Digital Content and Media Sciences Research Division
IKEHATA Satoshi Digital Content and Media Sciences Research Division Assistant Professor
Research Fields: Pattern Media
Introduction of research by science writer
Aiming to implement high-precision 3D reconstruction techniques
Reconstructing 2D information in 3D
We humans perceive the objects that we see as three-dimensional (3D) objects by combining information about them, such as depth, in a complex way. I am researching 3D computer vision, which examines how to reproduce this function of the human eye using computers, in other words, how to take two-dimensional (2D) image information, such as a photograph, and reconstruct the 3D information.
Up until now, my research has centered on the photometric stereo method, which uses one camera to photograph an object under light coming from different angles and then performs 3D reconstruction based on multiple shading patterns for a single object. This method is capable of elaborately reconstructing fine surface details such as the brush strokes of oil paintings, as well as delicate shapes of small objects such as tumor in endoscopic images.
Application in the real estate industry
However, there are still very few examples of application of 3D computer vision. In my previous position at Washington University in St. Louis, I conducted 3D modeling of real estate property information through joint research with a real estate company, with the goal of applying the research results. In the United States, the decision to purchase or rent real estate is often made on the basis of Internet information only, and the creation of detailed 3D information on properties was required.
There were examples of 3D reconstruction of indoor spaces before then, but they were only ever floor plans converted into 3D and could not provide meaningful information required for living in a place, such as room divisions and connections, or which rooms are bedrooms, for example. Using proprietary 3D reconstruction methods based on panoramic depth images taken in multiple places in the rooms, we succeeded in creating user-friendly property information that can be linked to CAD and provides meaningful information to 3D models.
Aiming towards integration with deep learning
Currently, I am researching combining 3D reconstruction with deep learning to improve reconstruction accuracy by loading large amounts of data, such as shading patterns, and having the system learn from it. However, outputting 3D information from inputted 2D information is difficult using current deep learning technology especially when the number of input is large (e.g., one thousand). There have not yet been any examples of research anywhere in the world that has successfully reconstructed accurate 3D information, and I am attempting to solve a difficult problem that could have a global impact.

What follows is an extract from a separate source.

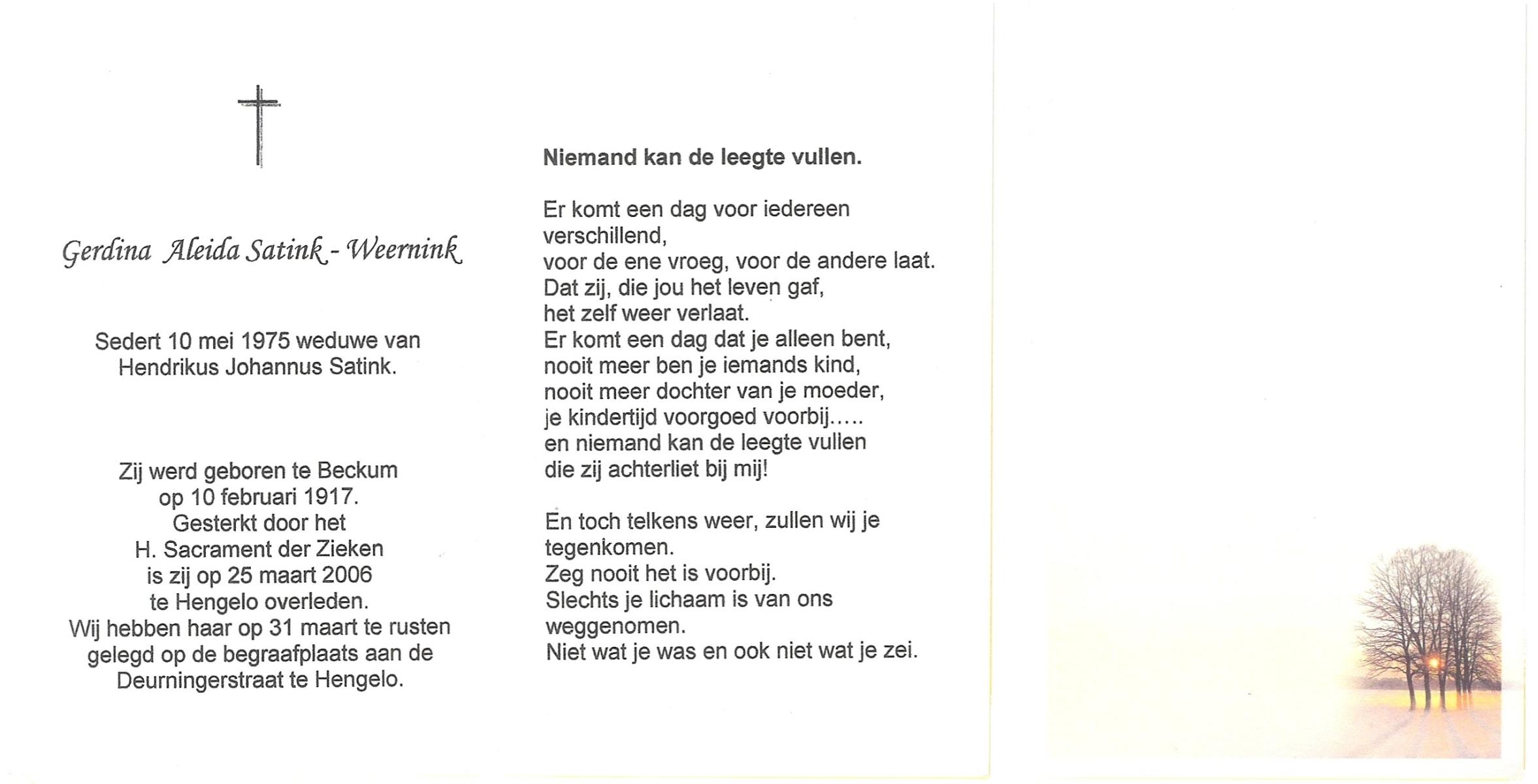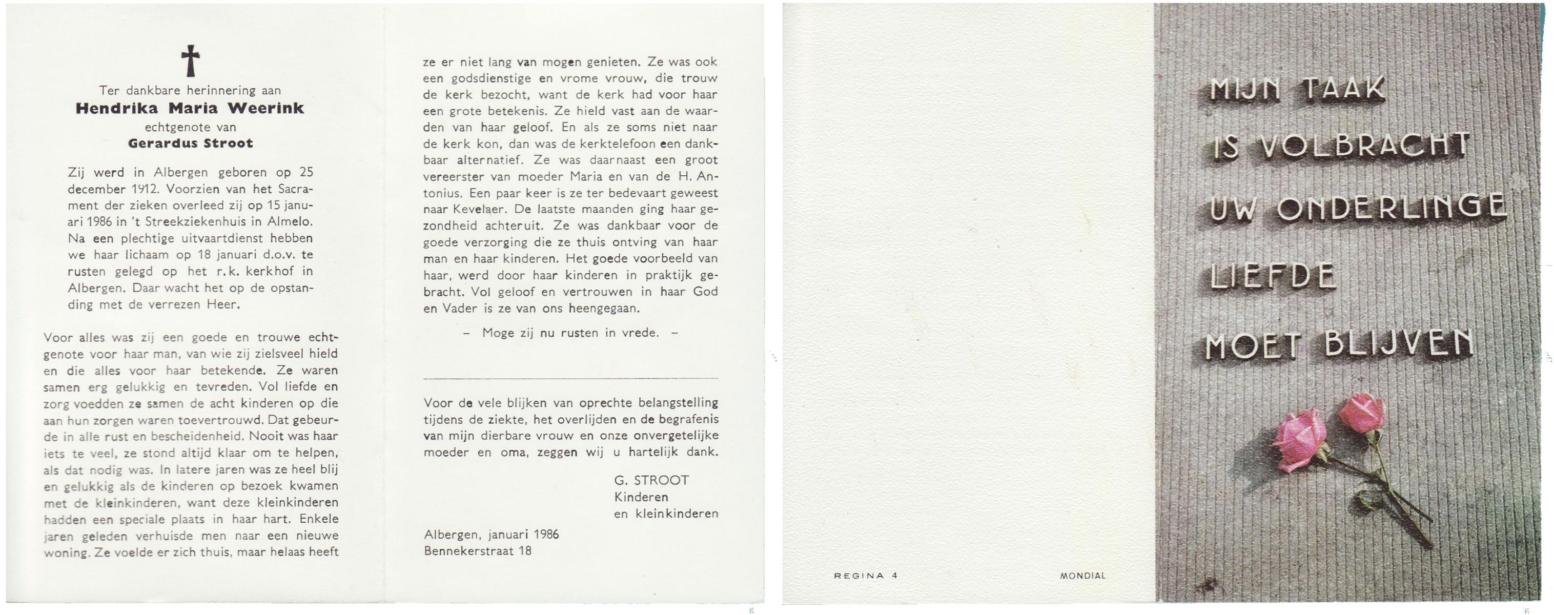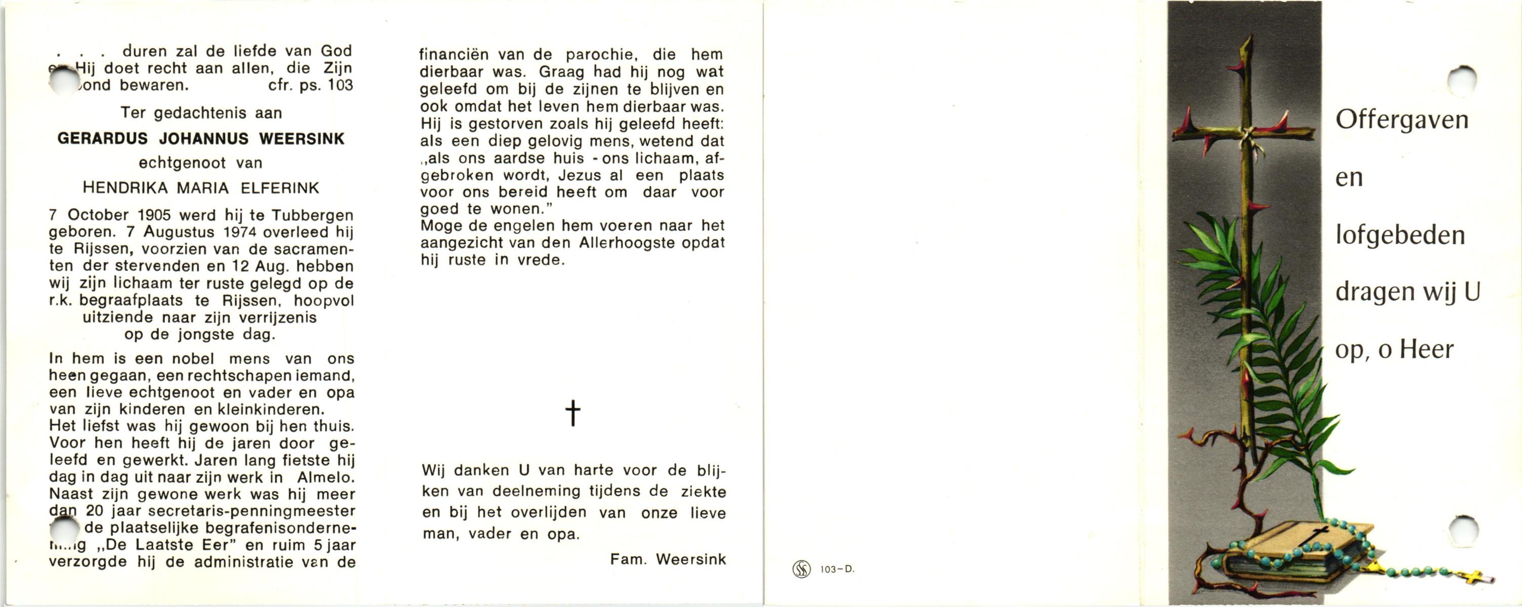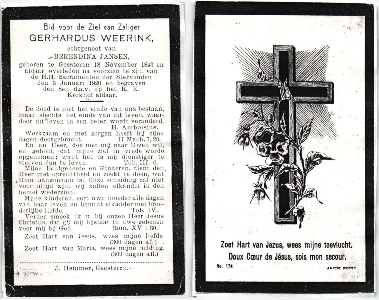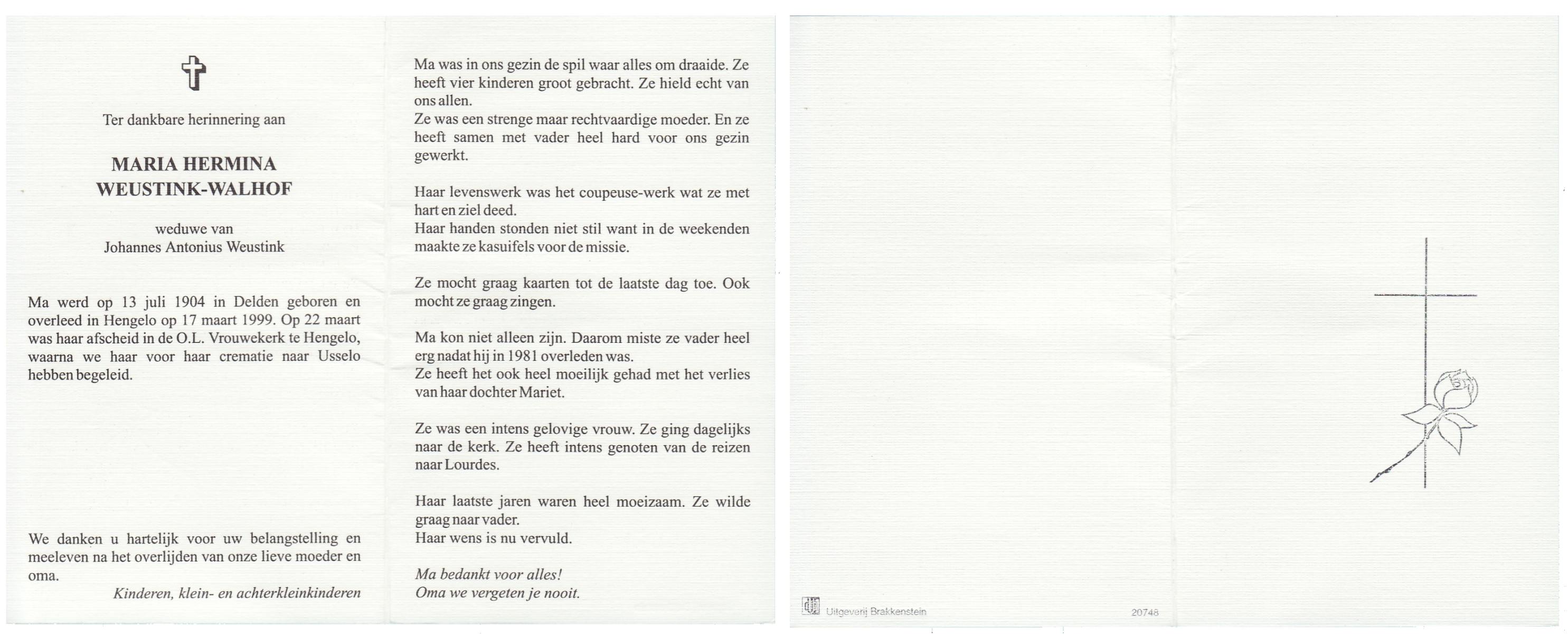 WENINK, Gerarda Maria, geboren op 6-8-1911 te Lonneker, overleden op 16-1-1982 te Oldenzaal op 70-jarige leeftijd, gecremeerd op 20-1-1982 te Usselo.

Another problem with existing deep learning technology is that once the object category has been determined, the algorithm can only be applied to that object category. In other words, a 3D reconstruction algorithm with a certain purpose cannot be used for other objects. I am therefore also working on removing such constraints and developing techniques that improve versatility. Additionally, in the same way as human sight reconstructs objects in 3D using multiple clues such as parallax due to binocular vision, shading, and texture, I would like to make it possible for computers to combine multiple clues to perform 3D reconstruction.
In the future, I aim to share these research results for the benefit of society by developing applications based on these 3D reconstruction techniques.